- **DATASET ENTRIES**
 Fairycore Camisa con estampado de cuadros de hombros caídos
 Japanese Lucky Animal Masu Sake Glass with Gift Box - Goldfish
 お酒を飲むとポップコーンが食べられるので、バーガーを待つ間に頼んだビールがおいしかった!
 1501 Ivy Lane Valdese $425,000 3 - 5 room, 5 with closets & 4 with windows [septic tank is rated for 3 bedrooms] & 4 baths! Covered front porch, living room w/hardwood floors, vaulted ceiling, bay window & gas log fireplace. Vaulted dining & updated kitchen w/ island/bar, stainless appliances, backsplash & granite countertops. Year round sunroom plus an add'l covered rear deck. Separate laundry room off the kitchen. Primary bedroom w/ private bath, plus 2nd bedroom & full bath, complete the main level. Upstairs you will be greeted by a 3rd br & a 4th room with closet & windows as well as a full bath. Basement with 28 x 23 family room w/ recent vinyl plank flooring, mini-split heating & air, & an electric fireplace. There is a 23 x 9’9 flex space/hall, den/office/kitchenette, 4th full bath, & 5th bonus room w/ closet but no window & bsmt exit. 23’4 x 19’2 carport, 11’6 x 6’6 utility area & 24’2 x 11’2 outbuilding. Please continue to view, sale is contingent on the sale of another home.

---

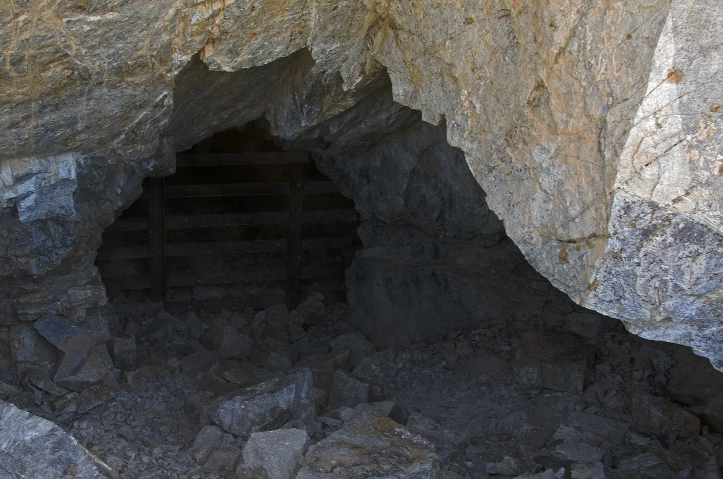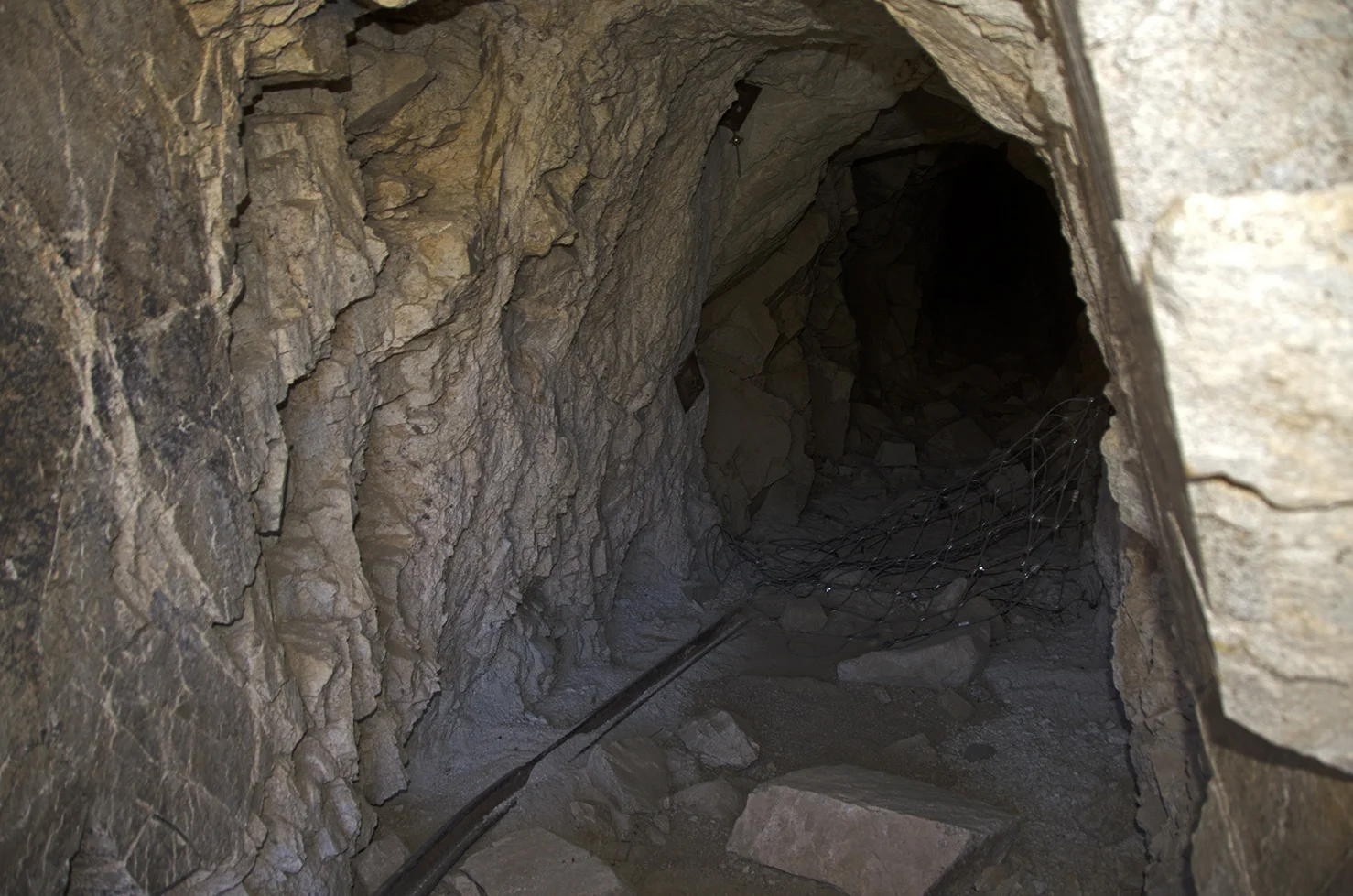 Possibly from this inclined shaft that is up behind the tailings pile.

- **PROMPT**
From the records above, pull out each line that has "with".

- **EXPECTED ANSWER**
 Japanese Lucky Animal Masu Sake Glass with Gift Box - Goldfish
 1501 Ivy Lane Valdese $425,000 3 - 5 room, 5 with closets & 4 with windows [septic tank is rated for 3 bedrooms] & 4 baths! Covered front porch, living room w/hardwood floors, vaulted ceiling, bay window & gas log fireplace. Vaulted dining & updated kitchen w/ island/bar, stainless appliances, backsplash & granite countertops. Year round sunroom plus an add'l covered rear deck. Separate laundry room off the kitchen. Primary bedroom w/ private bath, plus 2nd bedroom & full bath, complete the main level. Upstairs you will be greeted by a 3rd br & a 4th room with closet & windows as well as a full bath. Basement with 28 x 23 family room w/ recent vinyl plank flooring, mini-split heating & air, & an electric fireplace. There is a 23 x 9’9 flex space/hall, den/office/kitchenette, 4th full bath, & 5th bonus room w/ closet but no window & bsmt exit. 23’4 x 19’2 carport, 11’6 x 6’6 utility area & 24’2 x 11’2 outbuilding. Please continue to view, sale is contingent on the sale of another home.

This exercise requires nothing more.